Can you ask her to put it in some texts or something like that, promising to think it over from her point of view, and respond after you’ve had time to process it, instead of responding at once without fully understanding what she is saying, or being defensive?

It certainly doesn’t sound to me like you’ve deliberately deceived her or given her false ideas about the future, but she may have made assumptions anyway.

I really hope you can keep both these people in your life, if she can come to grips with the fact that that is what you are offering. If that’s not what she wants, it’s up to her to accept that and move on.

I’m sorry you are in the situation now of thinking you had been clear and finding you’ve been misunderstood. Good luck!

ETA: And in any situation where I am forced to make a choice between 2 people, my bias is against the one forcing the choice

kupo
kupo
2 years ago

@KatieKitten420
Sounds like she thought she would be okay with it but she’s not. She might just not handle poly relationships well. She might not have known that going into it, but either way sounds like this isn’t likely to work out. She needs to figure out what she needs in a relationship. You haven’t done anything wrong.

Depending on how strongly she feels about this, it might be salvageable, but that’s going to be on her and it’s something she needs to want.
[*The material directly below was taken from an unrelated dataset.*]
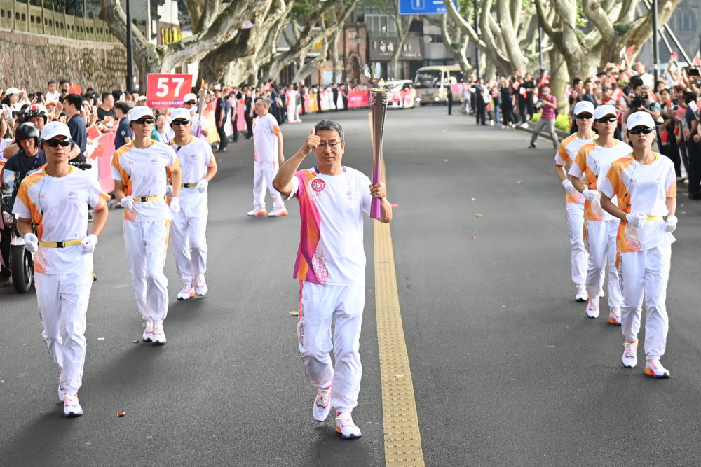 作家麦家是第54棒火炬手,他说:“很荣幸为亚运跑了‘一小步’,杭州这座城市也为我的人生跑了一大步,让我跑进了荣幸、跑进了幸福。”

It can’t hurt to talk to her and try to determine whether that’s something she wants.

Dreamer
Dreamer
2 years ago

Sorry – back to the original post – seriously?! I remember in high school people saying you could tell a “non-virgin” by the way she walked. Note the SHE, not HE. I never understood.

The Real Cie
2 years ago

I’m pretty sure this was written by one of those big headed aliens from The Menagerie (Star Trek TOS) who has never seen a human woman before.

Horrorfan510
Horrorfan510
2 years ago

Some other signs of a non-virgin woman:

. They can’t cross running water under their own power
. They are adverse to garlic and crosses
. They can’t enter a house without being invited in first
. If they see a pile of grain, they are compelled to count each piece
. They can walk in daylight, but don’t have all their non-virgin powers

Fluffy Spider
Fluffy Spider
2 years ago

I had no clue my sleep deprived eyes had anything to do with my lack of virginity.
Or that my majestically waving boobs meant anything (before they hit me in the face while working out)
Lol
It’s almost cute the lack of actual science with these reddit posts

Axecalibur: Middle Name Danger
Axecalibur: Middle Name Danger
2 years ago

@KK
Nthing the majority here, she’s… girl bye. If you’re intent on tryna salvage things, keep in mind that you can’t. Not up to you at this point, that’s her job. Freakouts happen, recently dealt with one in my poly relationship. But we worked it out like grown ass adults after giving each other time to reevaluate. At minimum, you really should give her the space she needs to figure her shit out. Forcing a fix asap never works, I say, again, from recent experience…

feministguy
feministguy
2 years ago

Virginity doesnt equal failure

Anyone who believes this is a fool

Rabid Rabbit
Rabid Rabbit
2 years ago

@Dreamer

I knew a girl in high school who walked as if she were pregnant. She openly admitted that she walked as if she were pregnant. She had no explanation for why. And I know for a fact she was a virgin at the time, because a few months later she spent a great deal of time whining about how impatient she was to finally have sex.

I mean, she was pregnant by the end of 12th grade. But no one knew unless they were told.

Around the same time, Britney Spears was insisting that she was still a virgin. I knew a few people whose opinion on the matter was “Well, if she says so, but I’ve never seen a virgin able to move her hips like that before.”

Rabid Rabbit
Rabid Rabbit
2 years ago

@Feministguy

Hate to tell you, but you’re still boring.